If you need to deploy Spark on Kubernetes first, you can use Helm:

```bash theme={"system"}
# Add the Bitnami Helm repository
helm repo add bitnami https://charts.bitnami.com/bitnami

# Install Spark cluster
helm install my-spark bitnami/spark

# Get the Spark master service URL
kubectl get svc my-spark-spark-master-svc
```

Then use the service URL in your `spark_master` configuration. For example:

* Service name: `my-spark-spark-master-svc`
* Port: `7077`
* Configuration: `spark_master: 'spark://my-spark-spark-master-svc:7077'`

### Using Spark in Your Code

Once configured, you can use Spark in your pipeline blocks:

```python theme={"system"}
from pyspark.sql import SparkSession

# SparkSession will automatically use the configuration from metadata.yaml
spark = SparkSession.builder.getOrCreate()

# Your Spark operations here
df = spark.read.csv("your-data.csv")
```

The Spark session will automatically connect to your configured Kubernetes Spark cluster.

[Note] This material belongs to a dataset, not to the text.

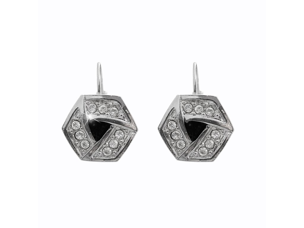 Náušnice klapky z bižuterní slitiny smaltovaný šestiúhelník s krystaly Swarovski Jet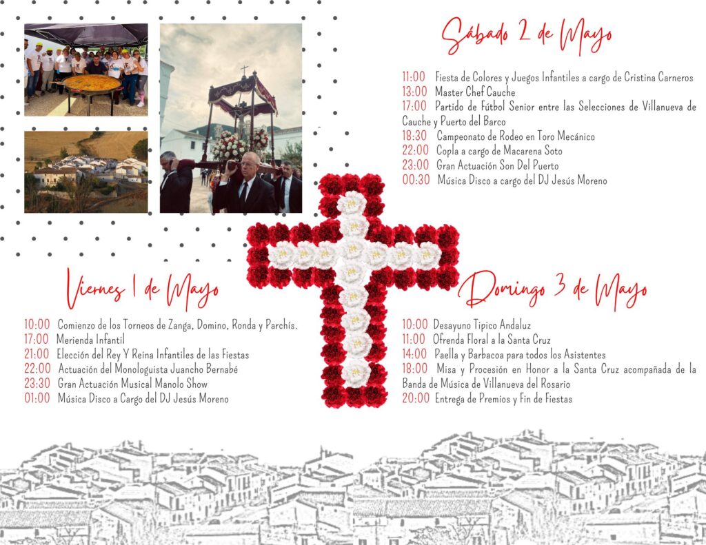 La pedanía antequerana de Villanueva de Cauche celebrará del 1 al 3 de mayo sus tradicionales fiestas en honor a la Santa Cruz con un amplio programa de actividades pensado para todos los públicos, combinando propuestas lúdicas, culturales y religiosas.

## Benefits of Running PySpark in Mage Pro

Mage Pro handles all the infrastructure so you can focus on your PySpark code:

* ⚙️ Distributed execution with automatic pod scheduling and resource allocation
* ☁️ Seamless cloud integration with GCS, S3, and service account/IAM-based authentication
* 🧩 Support for Spark JARs and connectors like Apache Iceberg, GCS connectors, Delta Lake, and more
* 📈 Built-in observability, with access to logs, resource usage, and block-level monitoring in the Mage UI

## Notes

* You can customize the `SparkSession` in any block using `.builder.config(...)` to tune performance or integrate external tools.
* Cloud storage credentials (e.g., a GCP service account key or AWS credentials) must be mounted and accessible inside the Mage Pro cluster.
* For advanced use cases (e.g., Apache Iceberg), see the [Iceberg + PySpark guide](/integrations/databases/Iceberg#using-iceberg-with-pyspark).